Religious tradition? Wouldn’t the problem/solution question apply to sects within religions, too? Or even to individual believers? Yes, yes, and yes. It’s almost like you’ve read my first post! Some of these taxonomies will apply to believers better than to religions. For example, Richard Beck talks about Winter Christians and Summer Christians. This applies to believers (Christians, specifically), not religions. But you could also note that some religions, and some sects within religions, accommodate Winter Believers better than Summer Believers or vice versa. As such you could create categories—or taxonomies—on the Religion level according to the sorts of beliefs/attitudes it encourages or accepts on the Individual level.

What are Winter Christians and Summer Christians? The linked post contains a good explanation, but I’ll also explain it in a later post. [EDIT: I don't.]You obviously care about this, but why should anyone else? It’s really important to understand why people act the way they do and think the things they do! How else can you reason with them or predict their actions? Also, if you’re one of those people who needs to understand a person in order to empathize with them, then how else will you be their friend? You don’t want to go around assuming that everyone thinks the same as you do about things, do you? (If so, how’s that working out for you? And for the people around you?)
But, more importantly, how are you supposed to play a cleric or paladin in your D&D session next week if you don’t know what religions and religious people are like? Oh, you’re the DM? Then how are you supposed to make up the behaviours and beliefs of the Cult of Tiamat?
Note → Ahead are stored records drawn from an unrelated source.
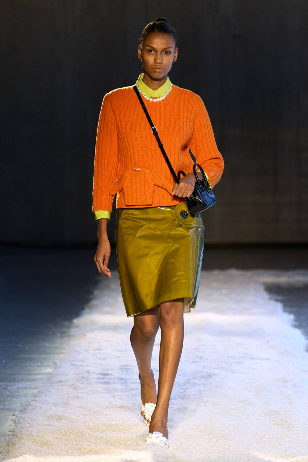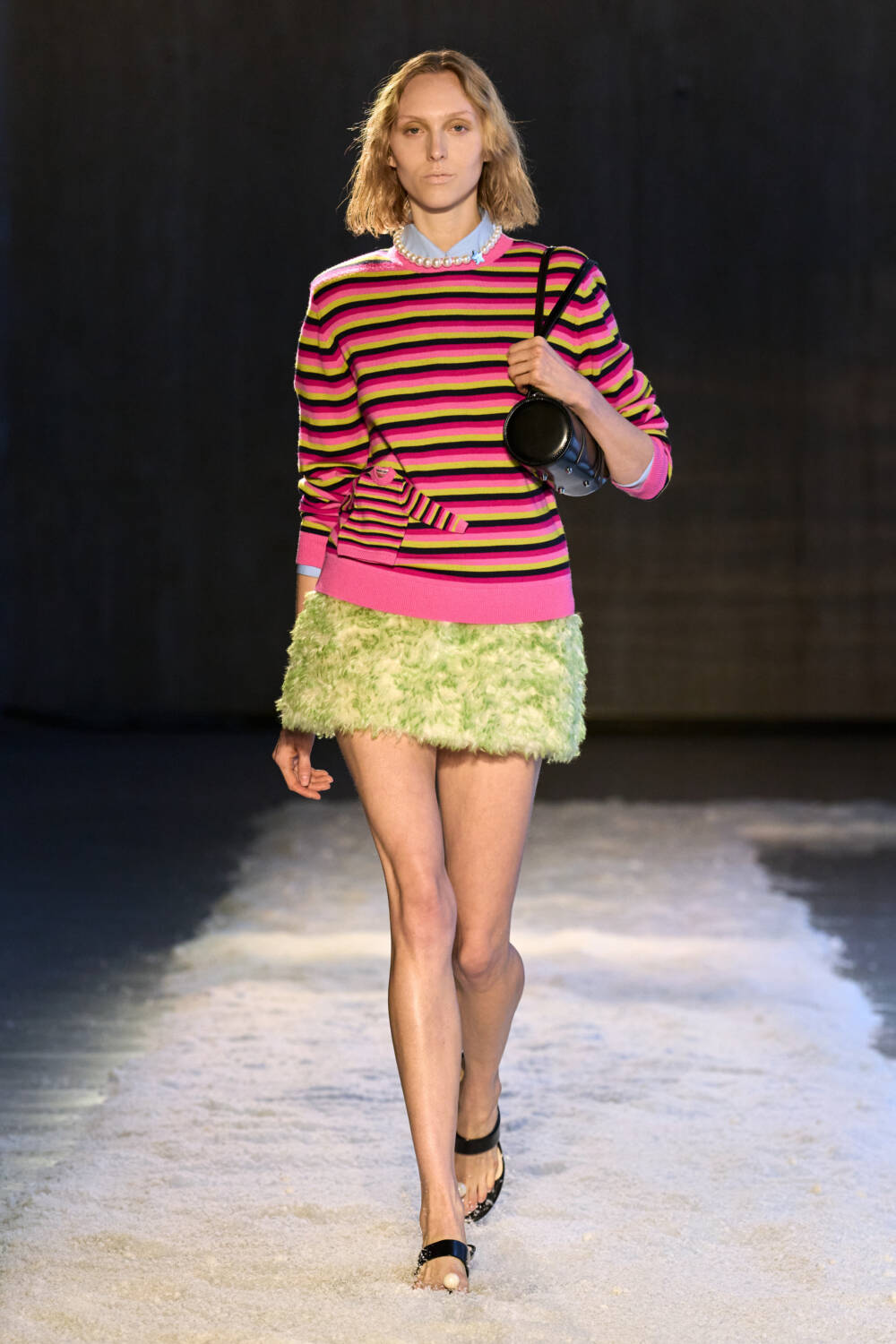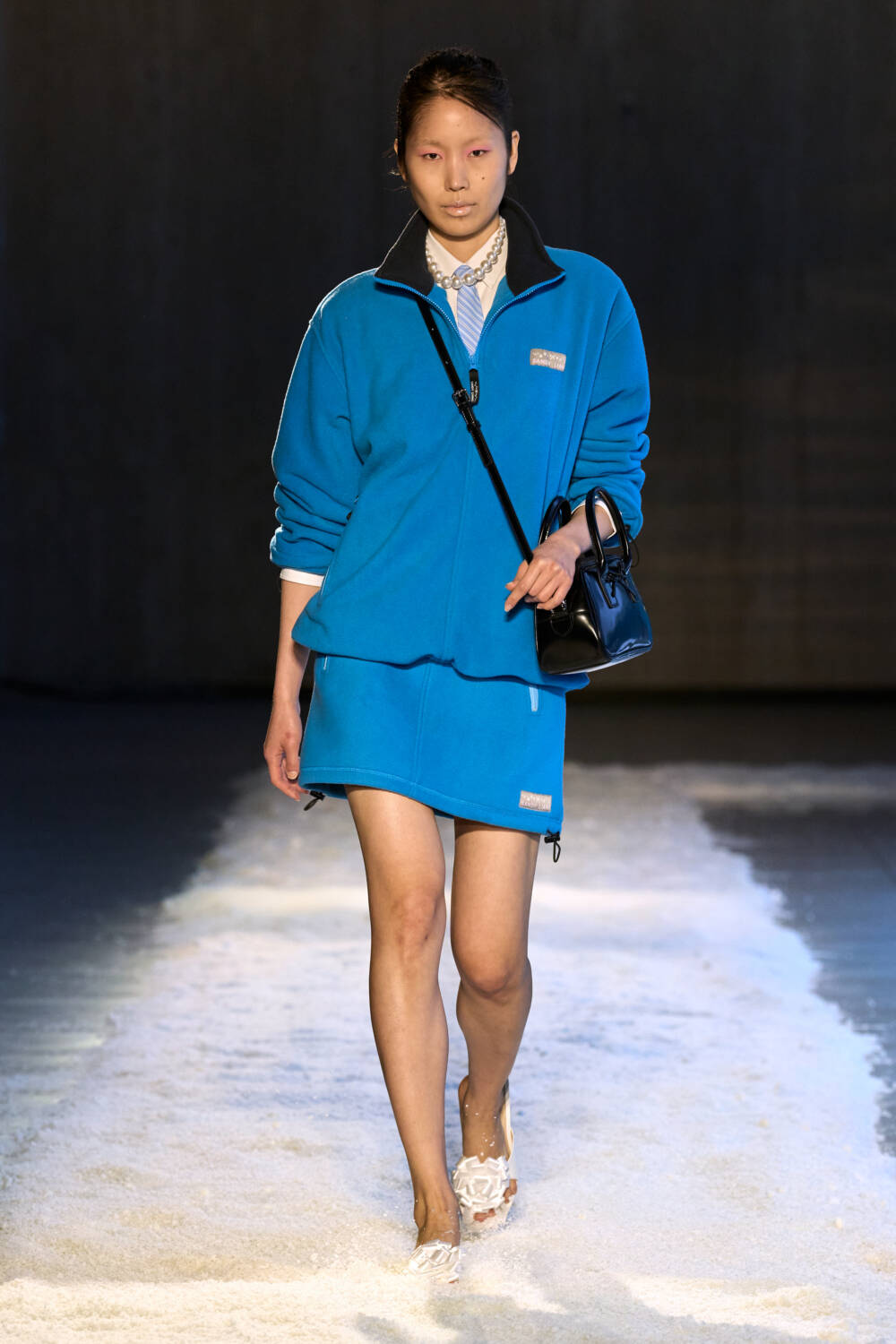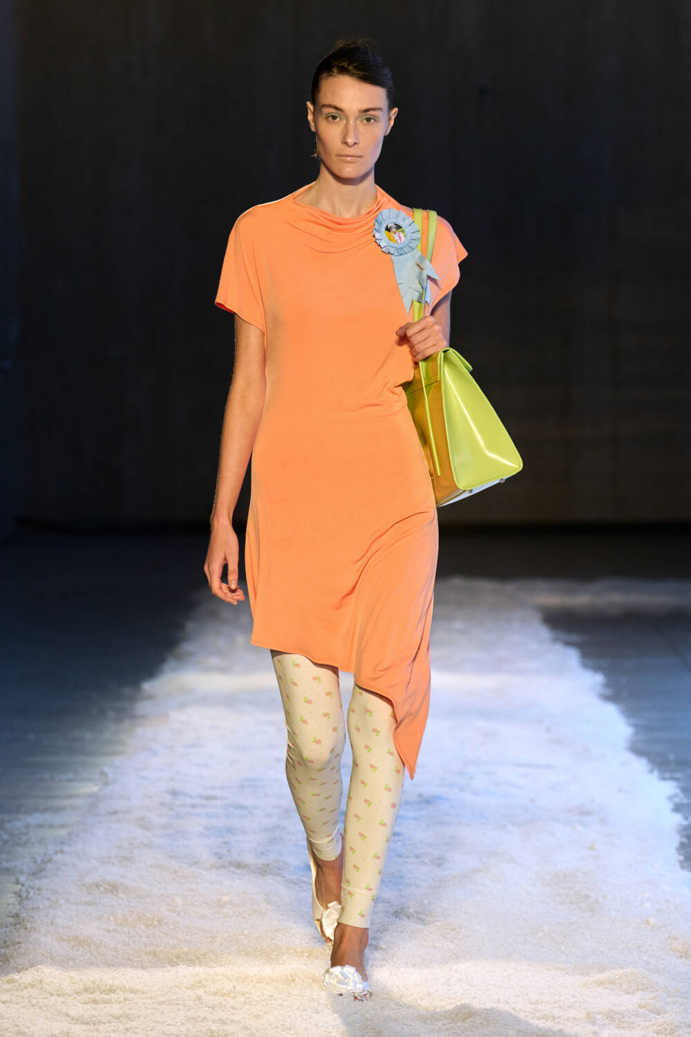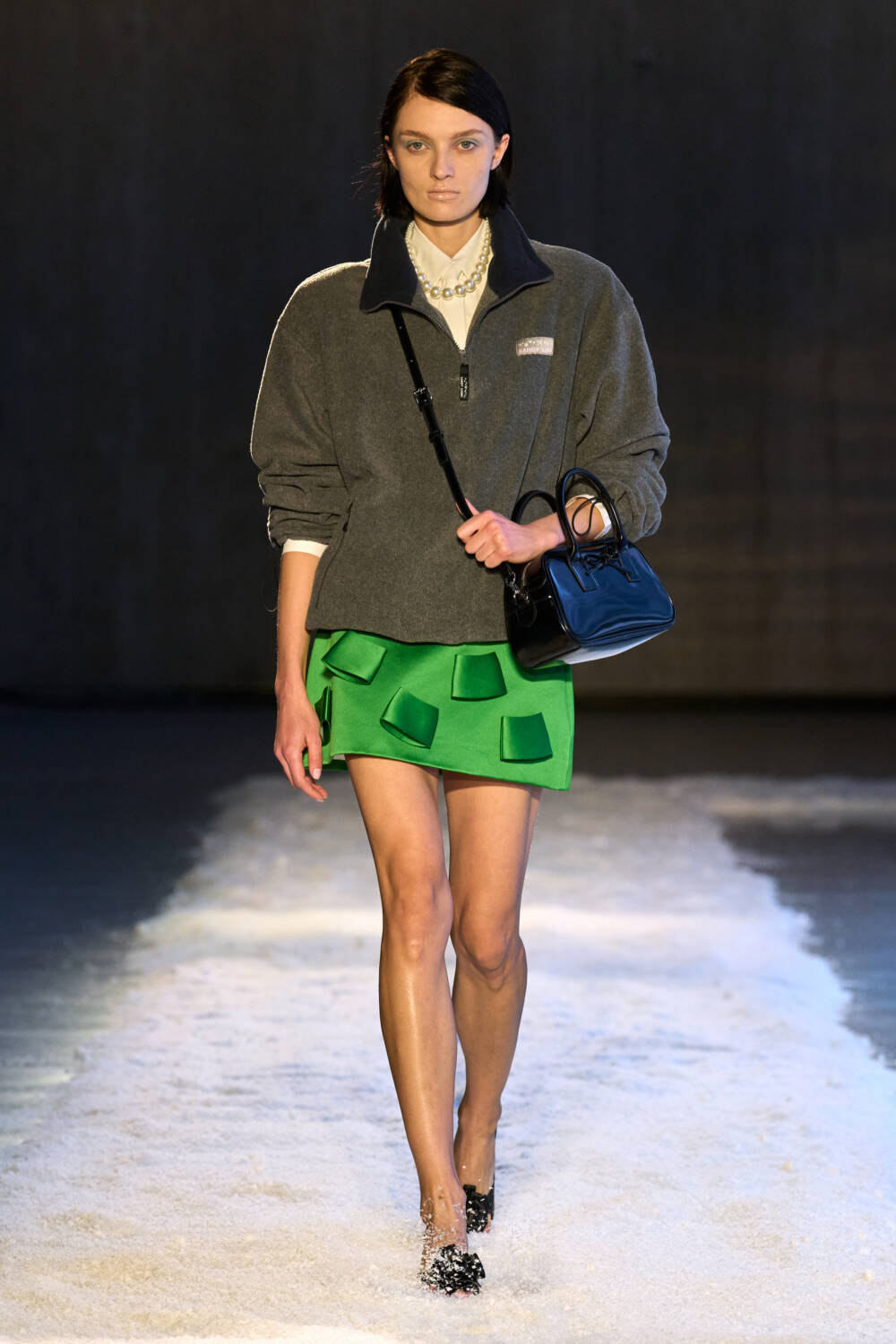 As always Liang mined her younger years as a starting point. From favourite movies like The Snowman and The Parent Trap to trips to ToysRUs to personal objects like a pink planner with a lock, everything calls back to a moment in time. The influences were evident from the opening look: a pink shift worn over a long johns was equal parts child playing dress up and a cool downtown girl styling. A tee tucked under a cardigan riffed on the toy store’s logo while the brand’s signature fleeces were teamed with colourful miniskirts. It was all very playful and personal – not everything is conventionally pretty or sensical but for the Sandy customer, experimentation with fashion is an integral part of her identity.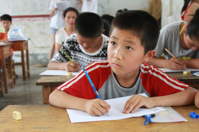 简陋的教室里,蒸笼一样的环境考验着他们的耐力,孩子的双眸给了他们最坚强、最执着的信仰。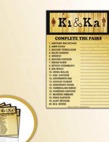 In order to play this unique Ki & Ka theme couple game all the couples would be provided with the printed play sheets in such a way that all the males would be provided with the blue sheets while the females would be provided with the pink play sheets. Now, over the play sheets the blue ones have interesting questions related to the wife that the husbands have to answer by writing or marking the correct option while the same would be done by wives on their pink play sheets as the questions over their sheets are related to their husbands. Both the members of the couple would answer these questions in the time limit set by the host. After that the host would ask all the couples to exchange their sheets and check their partner’s answers. The couple with the maximum number of correct answers would be the winner of the game.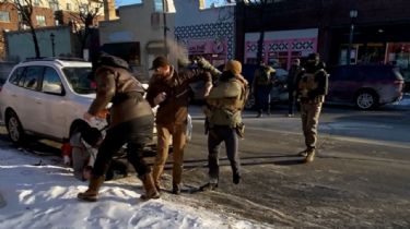 Segundos después, al menos media docena de agentes federales rodean a Pretti, quien es derribado al suelo y golpeado varias veces. Varios agentes intentan ponerle los brazos a la espalda, pero Pretti forcejea.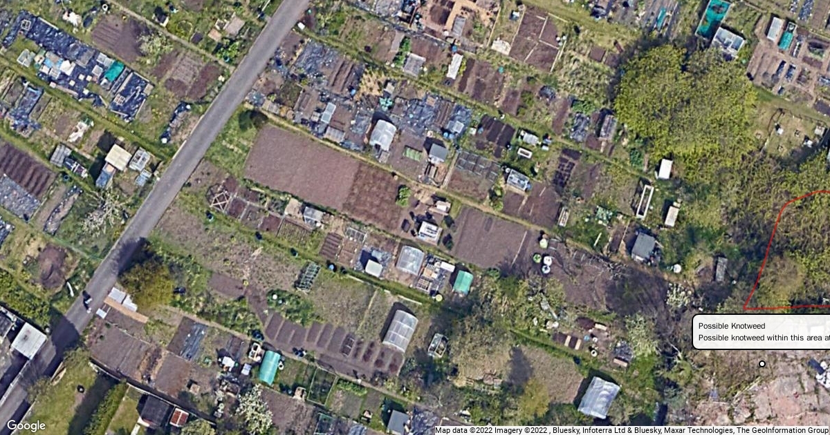 Site marked in red of possible Japanese Knotweed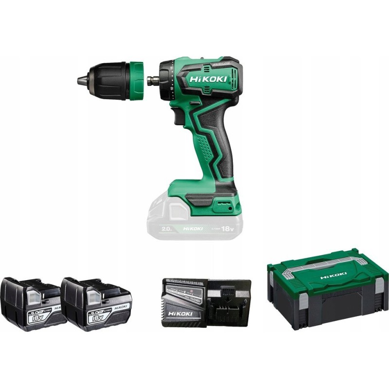 HIKOKI Akku-Bohrschrauber, Quick DS18DDQWPZ (18 V, 2 x 5,0 Ah Lithium-Ionen-Akku, max. konstantes Drehmoment (hart): 55 Nm, Leerlaufdrehzahl 2. Gang: 0–1700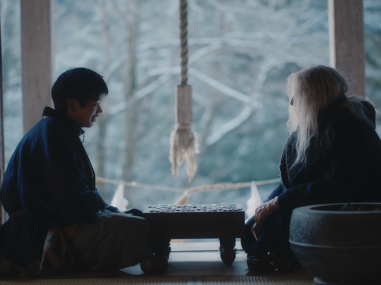 本殿や御神窟、山門から本殿まで続く九十九折りの参道など、老人が妻と暮らす場所として登場します。拝殿で碁を打つ姿はとても印象的です。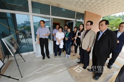 ▲ 오는 9일까지 제195회 정례회을 개회 중인 경기 오산시의회가금암도서관 등 지역내 현장을 방문해 운영현황을 살폈다. 오산시의원들이 브리핑에 집중하고 있는 모습.

So if I basically don’t care about religion and I don’t plan on playing a cleric, then there’s no point reading any of this? You say you don’t care about religion, but maybe you’re thinking of something different than I am. Do you care about philosophy? Or metaphysics? Basic approaches to ethics or decision-making? Or a person’s fundamental understanding of the world, so fundamental that it remains somewhat obscure to the person holding it? About worldviews? Cosmologies? Cultures and subcultures? Then you care about religions, just maybe not the ones with God and stuff in them.

Isn’t that an unnecessarily and unhelpfully broad definition of religion? Maybe. Maybe not. That’s a whole other series of posts that I plan on writing someday. In the meantime, the basic question to ask is whether the worldview under consideration can fit in these taxonomies. Most of them can—even if they appear to be, or consider themselves, non-religious.

Would you like people to recommend taxonomies for people to add to your list? Absolutely! Thanks for asking! Write it in the comments! Or e-mail me, if you know my e-mail address! (Maybe I’ll rig up a burner account for this thing…)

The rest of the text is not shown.